Linda, you say this above but previously in the post you report what Ming did.

Is it one rule for the leader and one rule for everyone else?

Yes, you are right, for some the issue of nuclear weapons is black and white, and not a matter for compromise. You are clearly in that category.

But please remeber, that as a Liberal Democrat who clearly respects party procedure, that the existing policy position set in 2002 by a vote of conference was to retain trident.

In that vote Conference rejected an amendment to cut Trident by 30%!

So the FPC motion is even more progressive than a position rejected by conference just a few years ago.

The FPC is in effect asking conference to think again about rejecting that amendment in 2002 which was supported by the peace and security group and by CND.

Maybe that is what is mean't by compromise - moving towards the position of the Peace and security group - and allowing time for the public to catch up with us.

What you must realise here that by our procedures, you are the one who disagrees with the party not the other way round.

As someone who disagrees with the current party line set by conference in 2002 your job is to convince the party of your position.

The debate at conference will be very interesting indeed - especially as the effect of the minority report amendment would be to maintain Trident at its current level (ie more powerful that the detterent that the FPC is proposing) for the next 20 years or so costing billions to maintain over that period.

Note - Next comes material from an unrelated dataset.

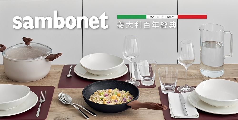Sambonet打造義大利第一批工業電鍍產品,並開啓不鏽鋼扁平餐具生產的新時代。二十世紀初主要為貴族家庭提供商品和服務,自1980年以來不僅專注於陶瓷研究,並將工作技術個性化,不斷探索創新色彩方案,打造簡約形制。1997年,Sambonet加入Paderno集團(專業生產食品工業所需的炊具和廚房器具),因此,Sambonet能夠提供全套餐具和專業廚房器具。

If you really can't compromise, why are you supporting that position?

Linda Jack said...

dear expriest

No, I did not report what Ming said, what I said was that "in between times Ming came out" as we all witnessed on TV and an event I commented on at the time as the proposal had not yet come to FPC!

Ed said...

Two issues are getting mixed up here. The first is the outrageous situation that any debate in an elected party committee (especially one about party policy) should effectively be held in secret. If the obligation to follow Chatham House Rules is written down somewhere, someone ought to be figuring out how to delete it. If its merely a convention, well then I say that as a good Liberal Democrat you should frankly give it the finger!

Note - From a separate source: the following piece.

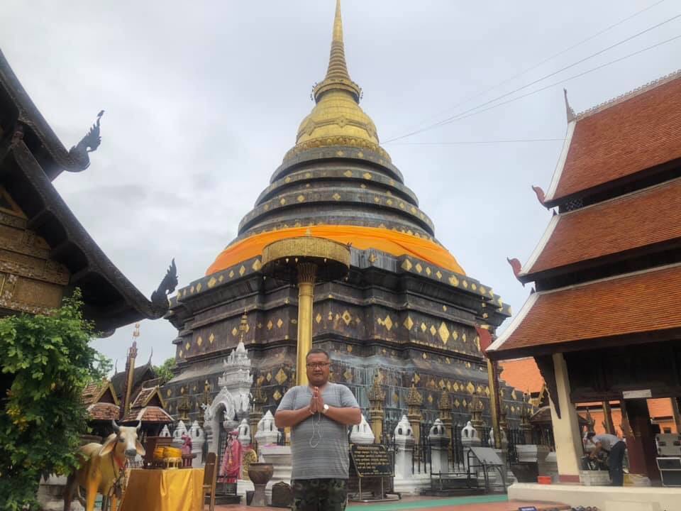 หลวงพี่น้ำฝนกล่าวอีกว่าวันนี้เป็นสถานที่สองสวดสามที่ด้วยกันคือพระธาตุลำปางหลวงพระธาตุหริภุญชัยและพระธาตุศรีจอมทองเวลา09.00 น. สวดที่พระธาตุลำปางหลวงซึ่งตั้งอยู่ที่วัดพระธาตุลำปางหลวงต.ลำปางหลวงอ.เกาะคาจ.ลำปางเป็นพระธาตุประจำปีเกิดของคนปีฉลูด้วยเริ่มสร้างในปีฉลูแล้วเสร็จในปีฉลูเช่นกันพุทธลักษณะฐาน

The second issue is the party's policy on Trident. Whatever the position of conference in previous years the Governments announcement of a Parliamentary vote on renewal created the need for a response. It's just a shame that the leadership gave the impression of having decided party policy without consultation with the party - especially since the policy they opted for was such a risible cop-out.

expriest said...

Hi Linda,

please accept my apologies re: CHR and Ming. I had totally misread what you wrote. I'm sorry that I suggested you broke your own rule. I promise to read more carefully.


expriest said...

Hi Ed,

The leadership had to respond to the Gov's White paper.

Two choices, go with what the working group had decided even though it hadn't been approved by FPC or conference.

Or make it up as they saw fit.

I for one am glad they did the former, and I'm glad that all the press releases made clear that this was a proposal not party policy and had to go through the FPC and conference before it was confirmed.

You may disagree with the policy, but in the circumstances I think they did the best they could to stay within party processes.

Linda Jack said...

Dear Expriest

You are forgiven.......tho I have to confess to on occasions having broken my own rules........tho not that one!

Ed said...

Hmm, you spotted the whole in my argument, expriest - I can see that the parliamentary party needed to come up with a line in response to the Government's announcement. :-)

I guess I am just disappointed because I would have hoped they would have asked themselves first whether the line could be matched to liberal principles and second whether it could be defended seriously in public.

PS - it's a bit disingenuous to take the line that it is a proposal not a policy given the way the media was likely to view it.